## About this task
With the line containing "2回繰り返すあだ名 | 『ああああ』『ああああ』『おらおら』 |" as the final line, restate exactly every line of the data below from the first one onward, and copy no pictures.

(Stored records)
- Opening Delimiter -
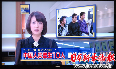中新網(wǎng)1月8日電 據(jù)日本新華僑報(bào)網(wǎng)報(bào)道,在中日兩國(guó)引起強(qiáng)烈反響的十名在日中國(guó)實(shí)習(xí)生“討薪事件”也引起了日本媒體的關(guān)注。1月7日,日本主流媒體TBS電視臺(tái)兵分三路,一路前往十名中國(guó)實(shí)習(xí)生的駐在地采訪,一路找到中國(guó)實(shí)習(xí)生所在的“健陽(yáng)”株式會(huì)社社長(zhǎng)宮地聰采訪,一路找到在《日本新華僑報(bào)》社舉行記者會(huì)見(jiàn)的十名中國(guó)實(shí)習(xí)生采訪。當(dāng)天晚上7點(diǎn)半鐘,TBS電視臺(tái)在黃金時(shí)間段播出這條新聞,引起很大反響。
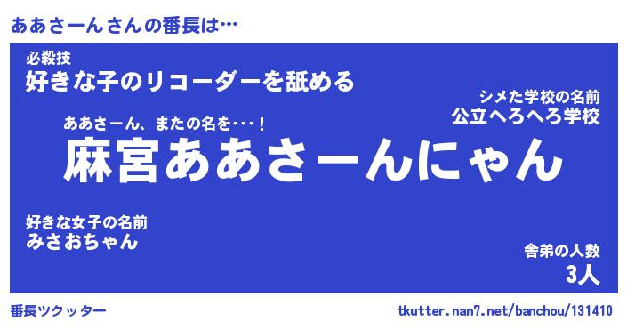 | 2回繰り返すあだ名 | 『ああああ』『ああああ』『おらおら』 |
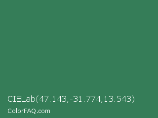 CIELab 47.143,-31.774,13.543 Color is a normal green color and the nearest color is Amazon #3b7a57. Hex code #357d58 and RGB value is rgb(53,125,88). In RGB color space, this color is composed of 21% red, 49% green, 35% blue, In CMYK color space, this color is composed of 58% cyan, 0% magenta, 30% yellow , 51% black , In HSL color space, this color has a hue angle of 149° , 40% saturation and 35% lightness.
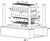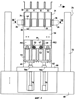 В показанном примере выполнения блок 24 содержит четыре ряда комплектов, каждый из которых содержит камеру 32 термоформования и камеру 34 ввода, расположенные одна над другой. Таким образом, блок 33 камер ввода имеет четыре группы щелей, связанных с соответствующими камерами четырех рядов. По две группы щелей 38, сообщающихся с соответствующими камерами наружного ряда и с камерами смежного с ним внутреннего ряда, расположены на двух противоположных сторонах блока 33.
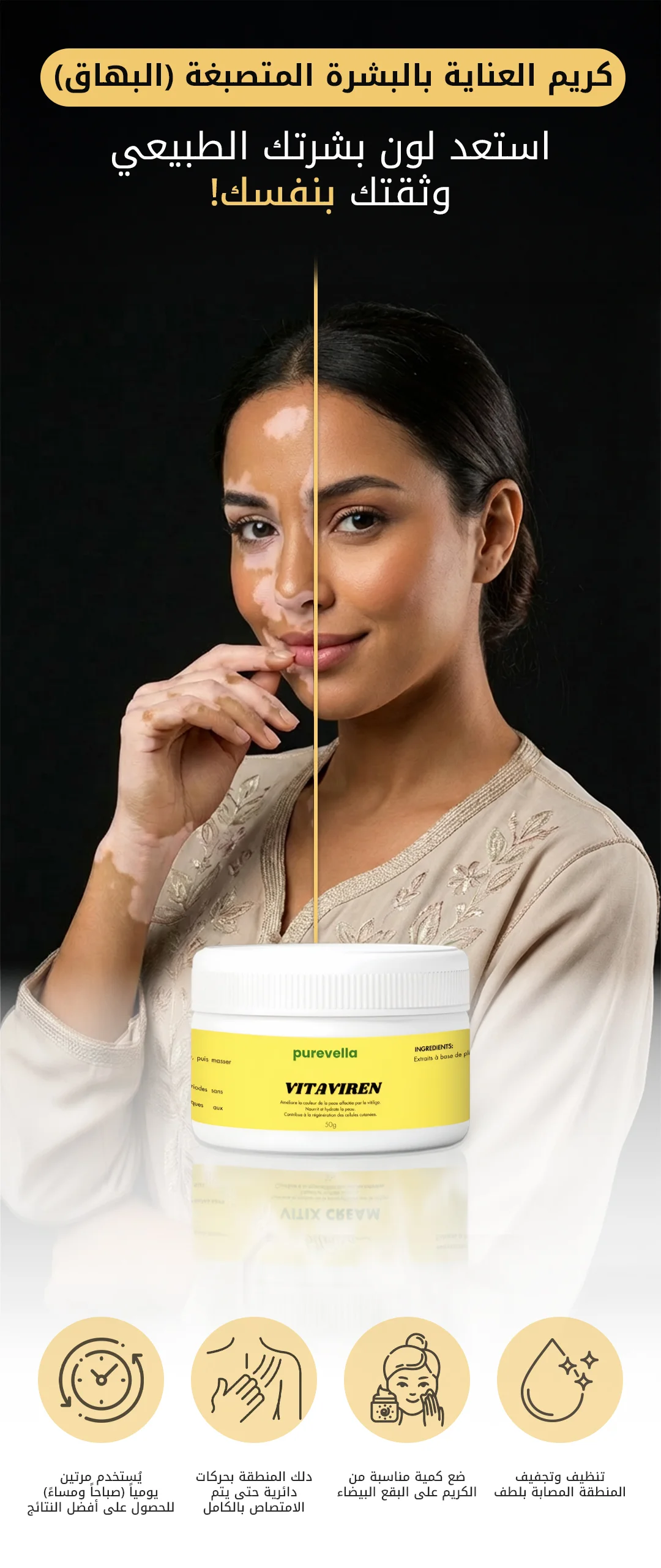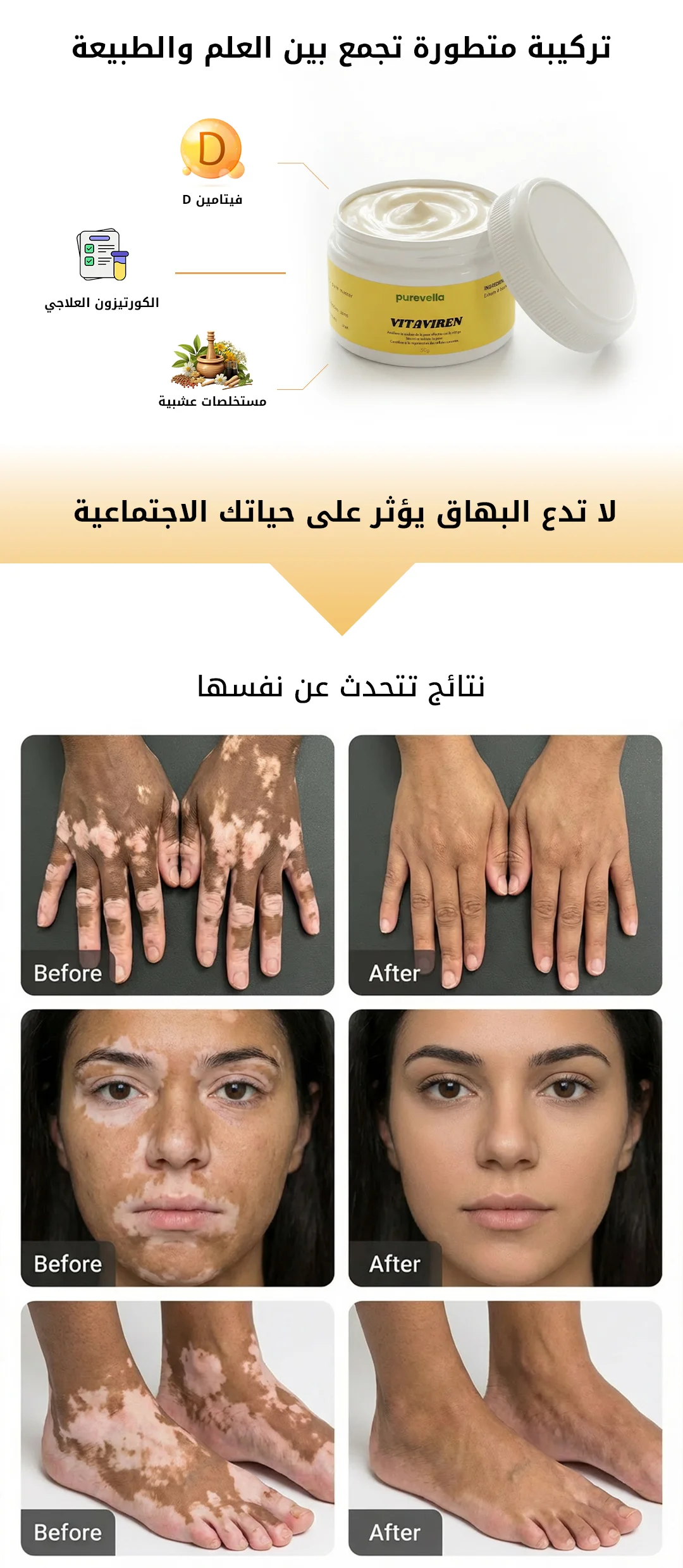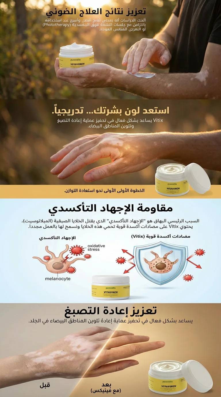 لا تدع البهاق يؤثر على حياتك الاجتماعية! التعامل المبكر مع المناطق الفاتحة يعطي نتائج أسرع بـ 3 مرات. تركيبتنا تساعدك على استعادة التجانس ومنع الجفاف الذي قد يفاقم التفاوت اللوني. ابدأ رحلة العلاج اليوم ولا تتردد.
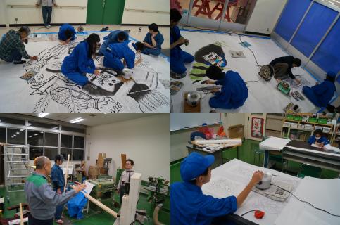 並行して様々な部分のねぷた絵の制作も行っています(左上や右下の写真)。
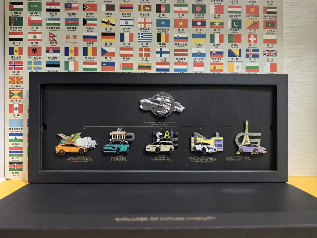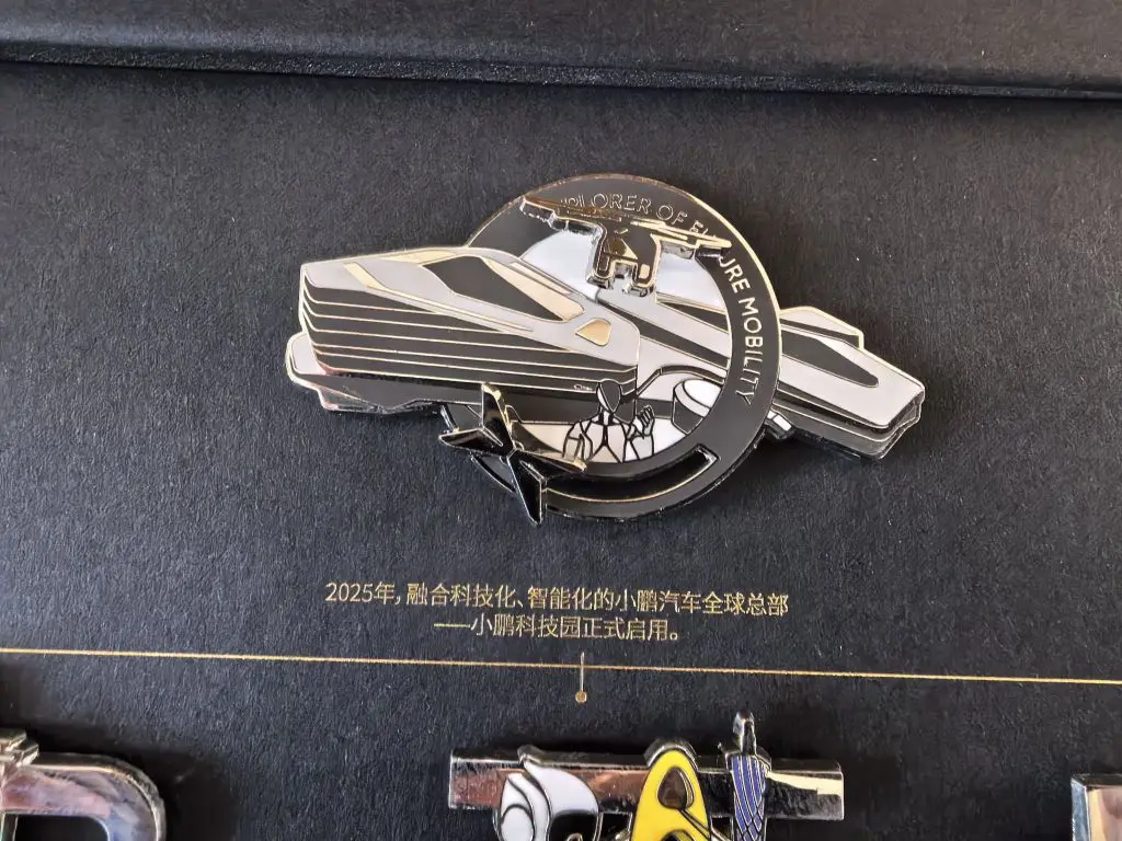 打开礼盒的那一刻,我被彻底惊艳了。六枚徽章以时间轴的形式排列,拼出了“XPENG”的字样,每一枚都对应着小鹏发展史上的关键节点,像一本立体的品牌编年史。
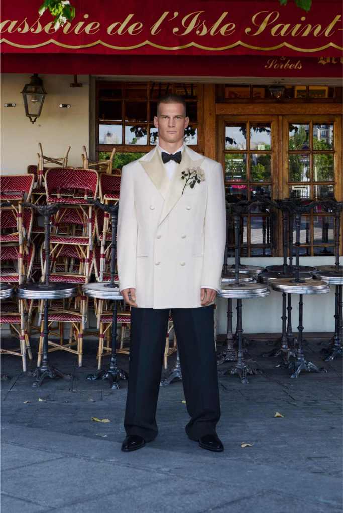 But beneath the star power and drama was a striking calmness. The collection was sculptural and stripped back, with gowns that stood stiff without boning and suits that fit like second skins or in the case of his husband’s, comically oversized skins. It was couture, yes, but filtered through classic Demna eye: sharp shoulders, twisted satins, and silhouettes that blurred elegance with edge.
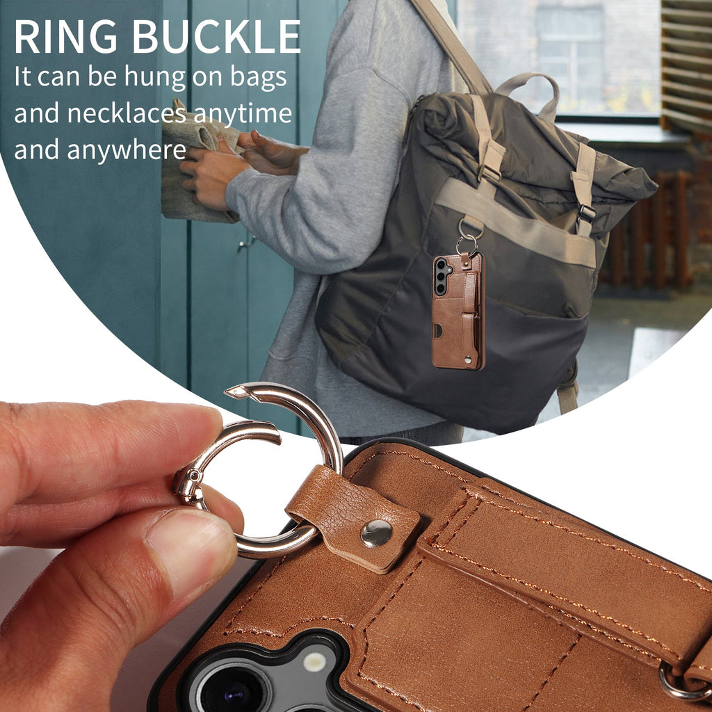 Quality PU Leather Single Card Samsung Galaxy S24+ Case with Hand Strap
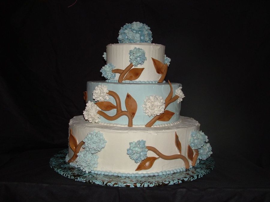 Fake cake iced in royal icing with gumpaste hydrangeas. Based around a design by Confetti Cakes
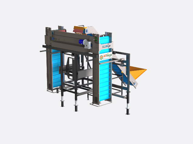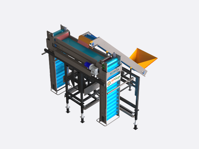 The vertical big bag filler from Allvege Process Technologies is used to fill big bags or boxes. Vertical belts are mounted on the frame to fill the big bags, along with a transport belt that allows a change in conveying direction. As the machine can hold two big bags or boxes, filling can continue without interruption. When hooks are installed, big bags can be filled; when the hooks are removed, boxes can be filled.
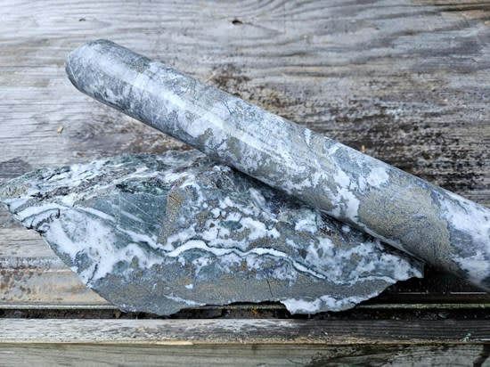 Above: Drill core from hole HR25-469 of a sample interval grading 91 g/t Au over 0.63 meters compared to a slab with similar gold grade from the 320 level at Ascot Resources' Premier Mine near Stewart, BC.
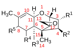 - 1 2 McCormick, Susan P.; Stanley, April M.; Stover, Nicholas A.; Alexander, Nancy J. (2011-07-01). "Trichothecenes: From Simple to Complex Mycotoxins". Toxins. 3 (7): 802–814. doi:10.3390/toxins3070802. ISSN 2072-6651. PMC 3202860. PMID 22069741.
- Closing Delimiter -
## Exercise response
中新網(wǎng)1月8日電 據(jù)日本新華僑報(bào)網(wǎng)報(bào)道,在中日兩國(guó)引起強(qiáng)烈反響的十名在日中國(guó)實(shí)習(xí)生“討薪事件”也引起了日本媒體的關(guān)注。1月7日,日本主流媒體TBS電視臺(tái)兵分三路,一路前往十名中國(guó)實(shí)習(xí)生的駐在地采訪,一路找到中國(guó)實(shí)習(xí)生所在的“健陽(yáng)”株式會(huì)社社長(zhǎng)宮地聰采訪,一路找到在《日本新華僑報(bào)》社舉行記者會(huì)見(jiàn)的十名中國(guó)實(shí)習(xí)生采訪。當(dāng)天晚上7點(diǎn)半鐘,TBS電視臺(tái)在黃金時(shí)間段播出這條新聞,引起很大反響。
 | 2回繰り返すあだ名 | 『ああああ』『ああああ』『おらおら』 |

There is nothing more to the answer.